Business

Crude vs. refined

30/11/2012 - Industry insights

Most New Zealanders don’t understand how this industry works, which is hardly surprising given the way it has communicated in the past. As a result, there are a number of myths and misconceptions in the minds of consumers, not least around pricing and profitability. We want to ensure there is more transparency and understanding around this topic.

In the August 2012 edition of the energy drop, we told you about what makes up the price of a litre of fuel.

We pointed out that our prices are based on the cost of finished petrol and diesel on the international market. Crude oil is an influencing factor, but our pump price is primarily set based on the price of finished or “refined” petrol and diesel on the Singapore market. People don’t often realise that crude oil, petrol and diesel are all independently and internationally traded commodity products. They often move roughly along the same lines but not always, as each product has slightly different supply and demand drivers. This is why if the price of crude drops, it doesn’t necessarily mean the price you see at the pump will also drop.

For example, the US summer driving season tends to push up demand for petrol, and the more something is in demand, the higher the price. But this won’t necessarily affect the price of other fuels you get from crude, so the price of refined petrol could go up markedly while the price of crude remains unchanged or only increases slightly.

Roughly 60% of the petrol we sell in New Zealand is imported as crude from the Middle East and South East Asia. 10% comes from the coast off Taranaki and both are refined at Refining NZ at Marsden Point. The rest has to be imported as already refined product which we currently source from South Korea.

Refining NZ is an NZX listed company, in which we have a 17% shareholding.
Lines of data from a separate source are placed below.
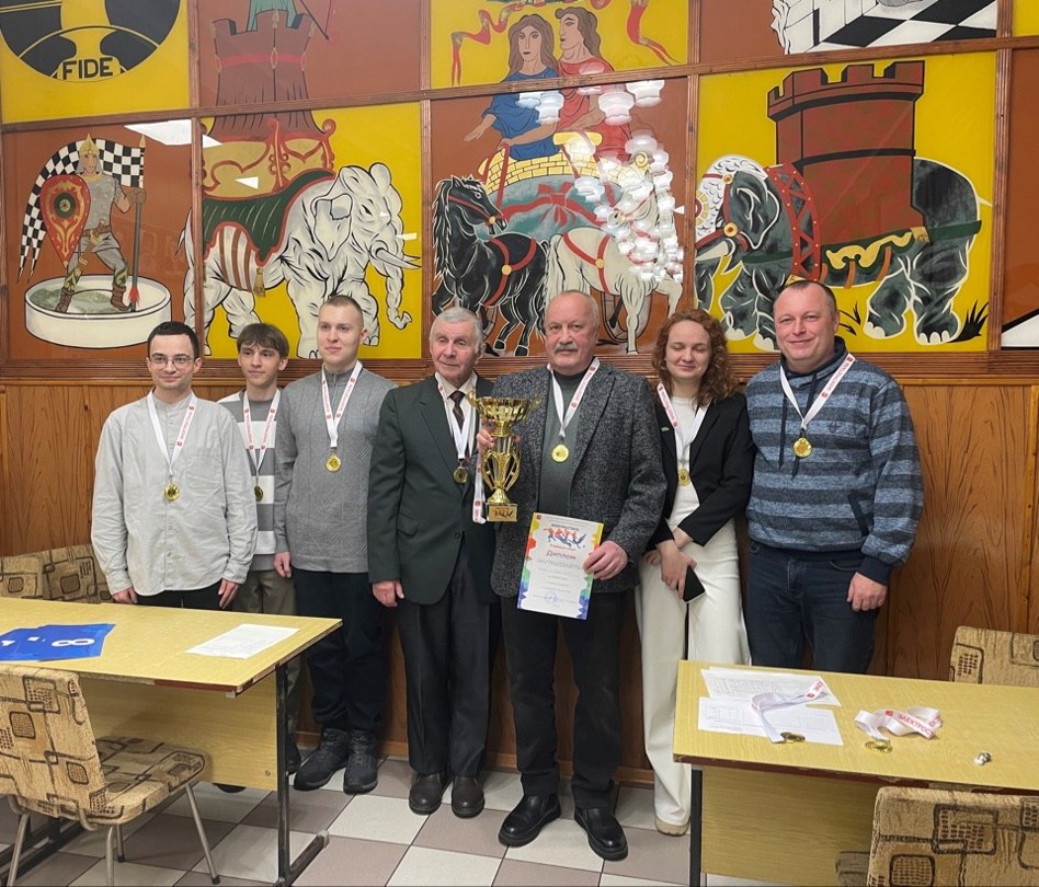 В понедельник 16 февраля в городском клубе “Диагональ” прошло чествование победителей и призёров командного первенства города по шахматам. Председатель клуба Владимир Ильенко назвал его главным событием года. Отметив каждую сборную, а их было восемь, он вручил главные награды лучшим трём.Чемпионский кубок и золотые медали получили шахматисты клуба “Мустанг” Электростальского института Мосполитеха (на фото). Награды за второе место вручены сборной АО “Машиностроительный завод”, за третье – Гимназии № 21.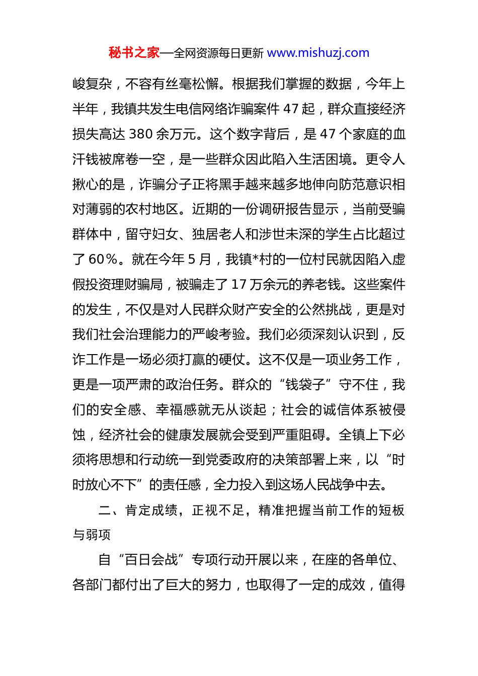秘书之家—全网资源每日更新 www.mishuzj.com在 2025 年全镇打击治理电信网络诈骗专项工作推进会上的讲话 同志们:今天,我们在这里召开全镇打击治理电信网络诈骗专项工作推进会,主要目的是分析当前我们*镇面临的严峻形势,总结前期工作,并对下一阶段的攻坚任务进行再动员、再部署。打击治理电信网络诈骗,事关人民群众的切身利益,事关社会大局的和谐稳定,更事关我们党的执政根基。我们必须以清醒的头脑、坚定的决心和有力的举措,坚决遏制此类犯罪的高发态势。一、认清形势,统一思想,深刻认识专项治理的极端重要性当前,全国范围内的反诈斗争正处于纵深推进的关键阶段。自“十四五”规划实施以来,全国公安机关在打击电信网络诈信犯罪方面取得了显著战果,截至今年上半年,累计破获案件数量已超过 173.9 万起。特别是随着对境外诈骗集团的毁灭性打击,全国的立案数和群众损失在今年初呈现出可喜的下降趋势。然而,我们必须清醒地看到,全国形势的好转不代表局部地区可以高枕无忧。对我们*镇而言,反诈形势依然严秘书之家—全网资源每日更新 www.mishuzj.com峻复杂,不容有丝毫松懈。根据我们掌握的数据,今年上半年,我镇共发生电信网络诈骗案件 47 起,群众直接经济损失高达 380 余万元。这个数字背后,是 47 个家庭的血汗钱被席卷一空,是一些群众因此陷入生活困境。更令人揪心的是,诈骗分子正将黑手越来越多地伸向防范意识相对薄弱的农村地区。近期的一份调研报告显示,当前受骗群体中,留守妇女、独居老人和涉世未深的学生占比超过了 60%。就在今年 5 月,我镇*村的一位村民就因陷入虚假投资理财骗局,被骗走了 17 万余元的养老钱。这些案件的发生,不仅是对人民群众财产安全的公然挑战,更是对我们社会治理能力的严峻考验。我们必须深刻认识到,反诈工作是一场必须打赢的硬仗。这不仅是一项业务工作,更是一项严肃的政治任务。群众的“钱袋子”守不住,我们的安全感、幸福感就无从谈起;社会的诚信体系被侵蚀,经济社会的健康发展就会受到严重阻碍。全镇上下必须将思想和行动统一到党委政府的决策部署上来,以“时时放心不下”的责任感,全力投入到这场人民战争中去。二、肯定成绩,正视不足,精准把握当前工作的短板与弱项自“百日会战”专项行动开展以来,在座的各单位、各部门都付出了巨大的努力,也取得了一定的成效,值得秘书之家—全网资源每日更新 www.mishuzj.com充分肯定。我们的公安干警冲锋在前,连续作战,破获了一批案件,抓获了一批犯罪嫌疑人,为群众挽回了一部分经济损失。各金融机构积极落实“源头阻断”责任,严格执行开户审核与风险分级管理,成功拦截了多起可疑转账。三大通信运营商也认真履行“通道治理”职责,在实名制登记、涉案号码关停等方面做了大量工作。这些成绩的取得,是大家共同奋斗的结果。但是在肯定成绩的同时,我们更要敢于直面问题、正视不足。当前,我们的工作中还存在着一些亟待解决的短板和弱项:联防联控的壁垒依然存在。警、银、信三方虽然建立了初步的协作关系,但在信息共享的深度和广度上还远远不够。数据信息仍未完全打通,存在“信息孤岛”现象,导致预警预防的精准度和时效性大打折扣。很多时候,我们还是在各自为战,未能形成“一盘棋”的强大合力。主动预防的手段相对乏力。我们的工作模式在很多情况下仍停留在“事后打击”,即案件发生后才介入侦办,群众的损失已经造成,挽回难度极大。如何将防线前移,变被动应对为主动预防,变“亡羊补牢”为“未雨绸缪”,是我们必须攻克的难题。,源头管控的链条存在薄弱环节。银行方面,如何更精准地识别伪冒开户和异常交易,如何提升一线柜员劝阻拦截的实战能力,仍是巨大挑秘书之家—全网资源每日更新 www.mishuzj.com战。通信运营商方面,如何有效治理虚拟号码、网络改号等技术难题,彻底斩断犯罪分子的通信链条,也需要我们下更大的功夫。宣传教育的覆盖仍有盲区。尽管我们开展了形式多样的反诈宣传,但诈骗手法迭代更新速度快,我们的宣传内容和方式有时跟不上变化。特别是针对农村地区和特定易受骗人群的“精准滴灌”式宣传还不够深入,未能真正...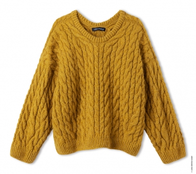 gemütlicher Zopfmusterpullover, der oversized getragen wird. Er wird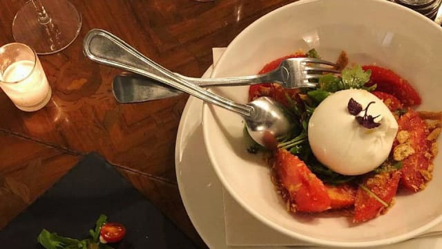 10/10Food was extraordinary, from the burrata al tartufo to the pain perdu pistacchio, as well as spaghetti a vongole, all tastefully matched with a white Greco di Tufo of feudi san Gregorio. We couldn't ask more. It has a nice atmosphere and street feel restaurant as places in Naples. The staff made the experience great giving the right suggestions and explaining the background of each dish, pure passion. Thank you!

We pay them a fee to refine crude into the products we want, which is referred to as the Gross Refining Margin (GRM). This fee is set based on the price of the refined products (such as petrol, diesel, jet fuel and so on) on the international market. So the cost of refining/producing petrol for example, basically moves up or down depending on the difference between the price a barrel of crude oil is trading for, and the price a barrel of petrol is selling for, minus the cost of the of the additional materials (referred to as “feedstock” such as naptha) that is required to make finished petrol.